#### [What is expected]
Starting with the line that has "朝は雨が激しく降ったため、各" in the records below and stopping after the line that has "Pulpă de vită, cartofi, ceapă, ardei", output every line exactly and nothing else; skip pictures.
(Beginning of Provided entries)
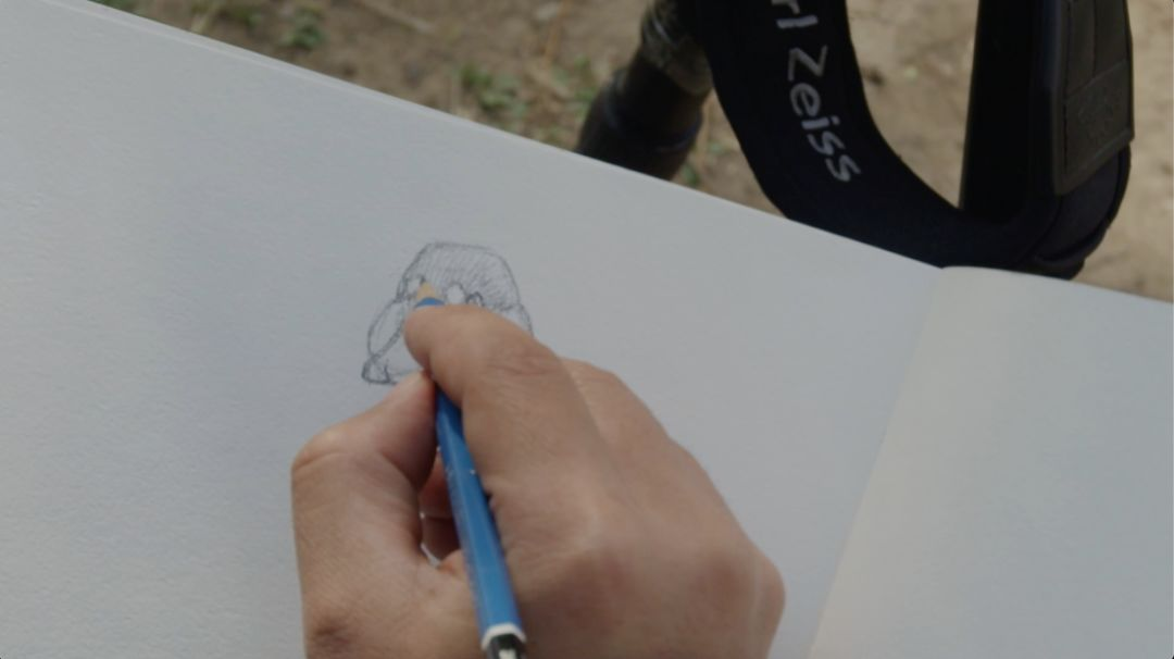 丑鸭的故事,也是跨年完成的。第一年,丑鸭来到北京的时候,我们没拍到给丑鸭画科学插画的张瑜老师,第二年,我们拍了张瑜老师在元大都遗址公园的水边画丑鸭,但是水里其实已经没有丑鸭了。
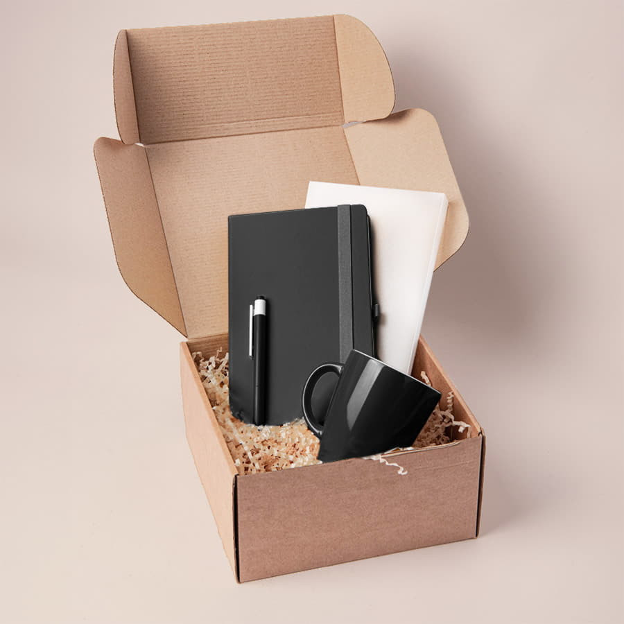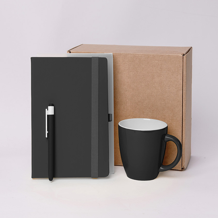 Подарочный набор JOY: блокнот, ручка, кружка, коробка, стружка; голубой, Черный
(End of Provided entries)
(Beginning of Provided entries)
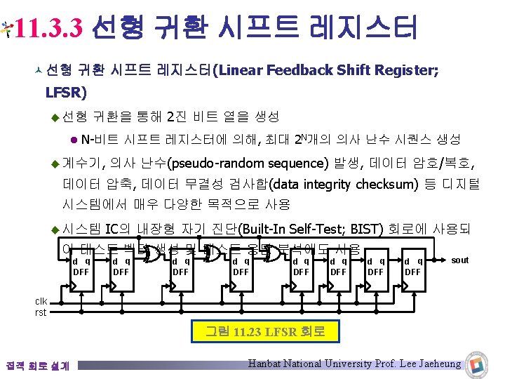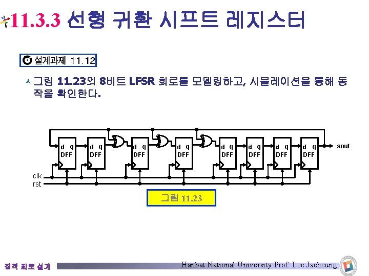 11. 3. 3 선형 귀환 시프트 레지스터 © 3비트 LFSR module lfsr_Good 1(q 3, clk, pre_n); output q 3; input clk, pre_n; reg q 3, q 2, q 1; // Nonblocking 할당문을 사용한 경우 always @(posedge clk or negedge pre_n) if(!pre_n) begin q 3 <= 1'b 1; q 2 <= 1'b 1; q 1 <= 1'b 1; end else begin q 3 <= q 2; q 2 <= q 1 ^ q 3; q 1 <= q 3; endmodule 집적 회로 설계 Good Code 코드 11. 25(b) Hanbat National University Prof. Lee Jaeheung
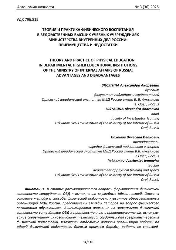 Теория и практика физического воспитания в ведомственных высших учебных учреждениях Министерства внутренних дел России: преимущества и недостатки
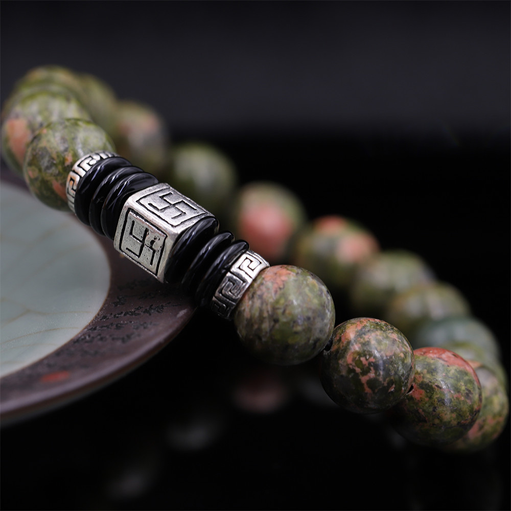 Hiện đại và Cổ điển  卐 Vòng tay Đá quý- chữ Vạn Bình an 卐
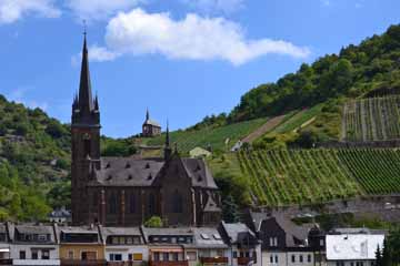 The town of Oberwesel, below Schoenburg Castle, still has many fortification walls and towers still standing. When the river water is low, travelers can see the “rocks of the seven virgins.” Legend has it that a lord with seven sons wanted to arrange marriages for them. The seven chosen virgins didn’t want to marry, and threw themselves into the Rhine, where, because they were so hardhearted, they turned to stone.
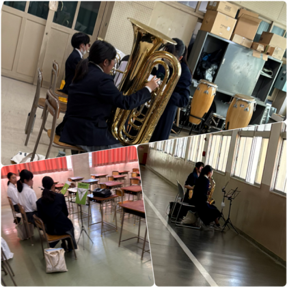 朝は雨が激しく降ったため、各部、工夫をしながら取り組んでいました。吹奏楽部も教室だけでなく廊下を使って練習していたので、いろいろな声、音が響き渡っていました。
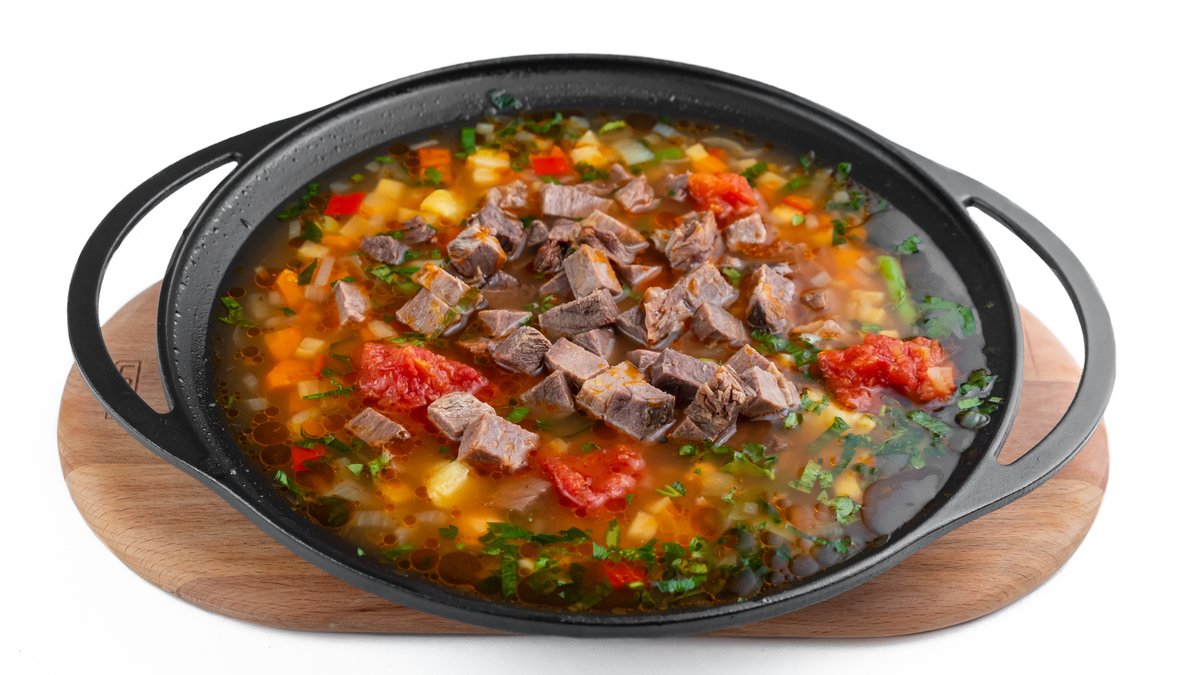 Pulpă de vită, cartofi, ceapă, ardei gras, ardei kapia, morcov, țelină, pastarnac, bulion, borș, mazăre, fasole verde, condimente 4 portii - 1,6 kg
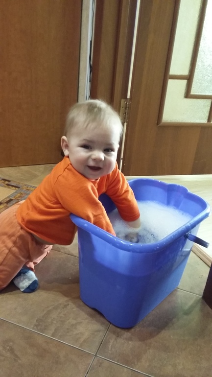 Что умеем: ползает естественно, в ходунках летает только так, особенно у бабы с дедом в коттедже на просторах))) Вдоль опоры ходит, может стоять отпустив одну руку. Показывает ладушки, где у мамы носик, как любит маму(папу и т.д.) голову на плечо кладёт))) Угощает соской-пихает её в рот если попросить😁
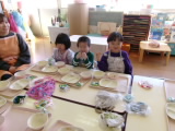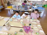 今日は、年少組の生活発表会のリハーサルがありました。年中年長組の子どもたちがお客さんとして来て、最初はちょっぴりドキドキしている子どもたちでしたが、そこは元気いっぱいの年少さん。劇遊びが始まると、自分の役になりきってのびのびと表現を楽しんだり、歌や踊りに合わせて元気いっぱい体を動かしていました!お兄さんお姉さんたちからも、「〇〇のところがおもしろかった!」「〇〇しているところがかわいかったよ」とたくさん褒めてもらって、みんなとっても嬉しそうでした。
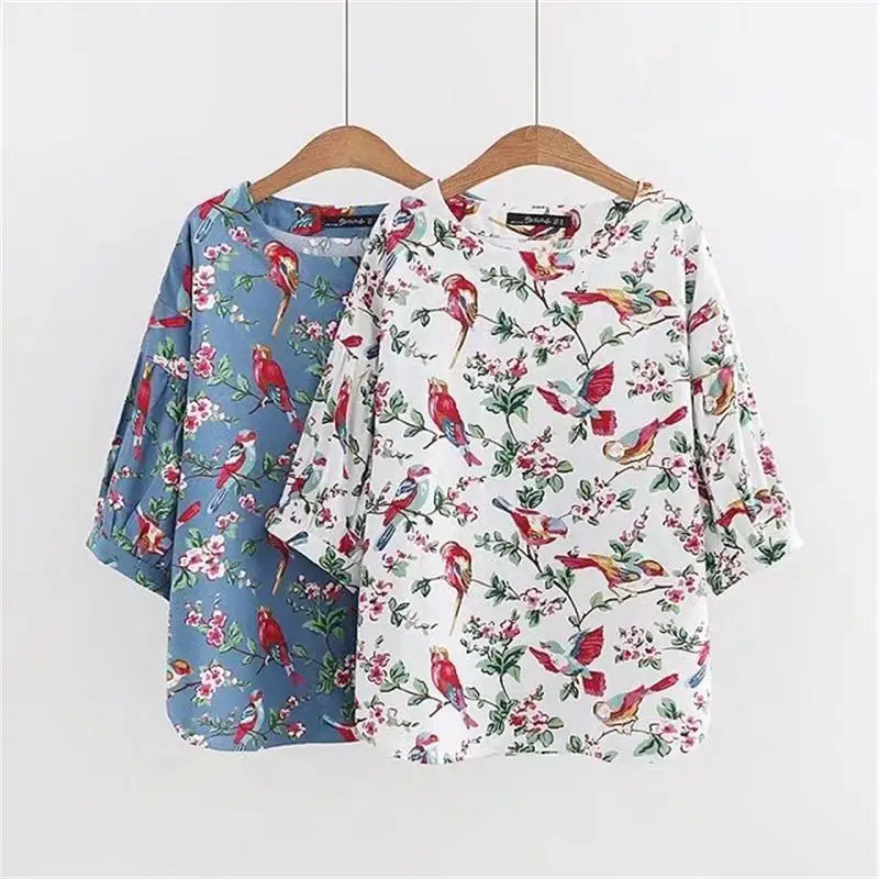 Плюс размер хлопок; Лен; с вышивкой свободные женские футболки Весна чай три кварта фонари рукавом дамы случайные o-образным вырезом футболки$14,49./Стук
(End of Provided entries)
(Beginning of Provided entries)
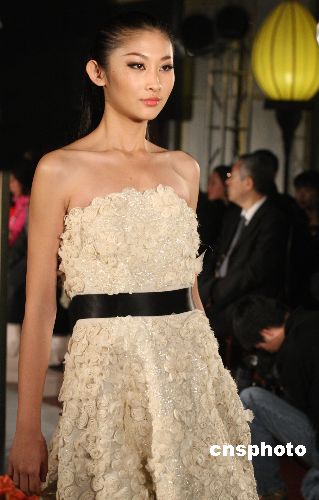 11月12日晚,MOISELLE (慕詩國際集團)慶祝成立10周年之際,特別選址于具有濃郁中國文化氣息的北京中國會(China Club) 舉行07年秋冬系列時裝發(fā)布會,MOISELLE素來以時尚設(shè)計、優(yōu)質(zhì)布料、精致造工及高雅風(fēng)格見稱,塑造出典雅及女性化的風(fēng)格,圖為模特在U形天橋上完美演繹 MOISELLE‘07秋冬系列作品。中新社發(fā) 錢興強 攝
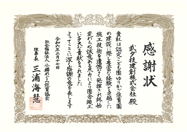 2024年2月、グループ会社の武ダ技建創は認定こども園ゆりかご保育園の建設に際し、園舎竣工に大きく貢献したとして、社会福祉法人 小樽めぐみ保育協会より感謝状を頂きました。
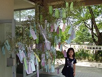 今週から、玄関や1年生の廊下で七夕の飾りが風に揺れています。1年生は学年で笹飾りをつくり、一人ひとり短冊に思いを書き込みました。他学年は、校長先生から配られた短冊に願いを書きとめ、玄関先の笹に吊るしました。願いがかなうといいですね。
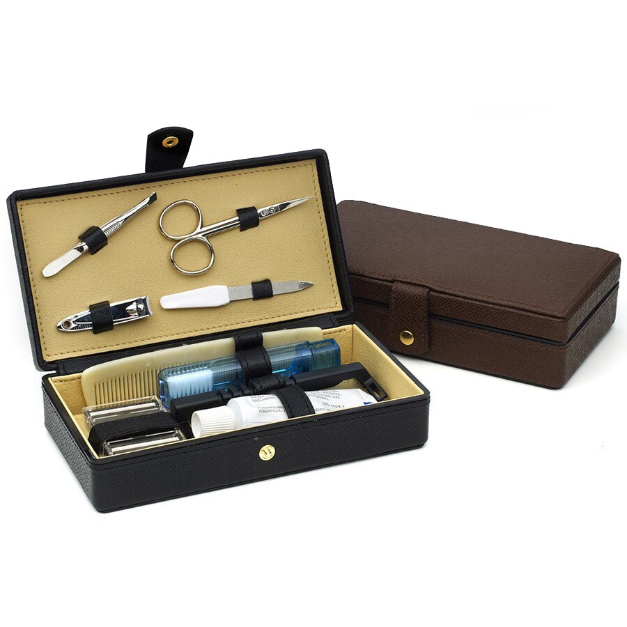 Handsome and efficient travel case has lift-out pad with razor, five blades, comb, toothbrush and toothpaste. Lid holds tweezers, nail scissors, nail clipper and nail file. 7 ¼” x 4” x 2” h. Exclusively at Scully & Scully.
(End of Provided entries)
#### [Result below]
 朝は雨が激しく降ったため、各部、工夫をしながら取り組んでいました。吹奏楽部も教室だけでなく廊下を使って練習していたので、いろいろな声、音が響き渡っていました。
 Pulpă de vită, cartofi, ceapă, ardei gras, ardei kapia, morcov, țelină, pastarnac, bulion, borș, mazăre, fasole verde, condimente 4 portii - 1,6 kg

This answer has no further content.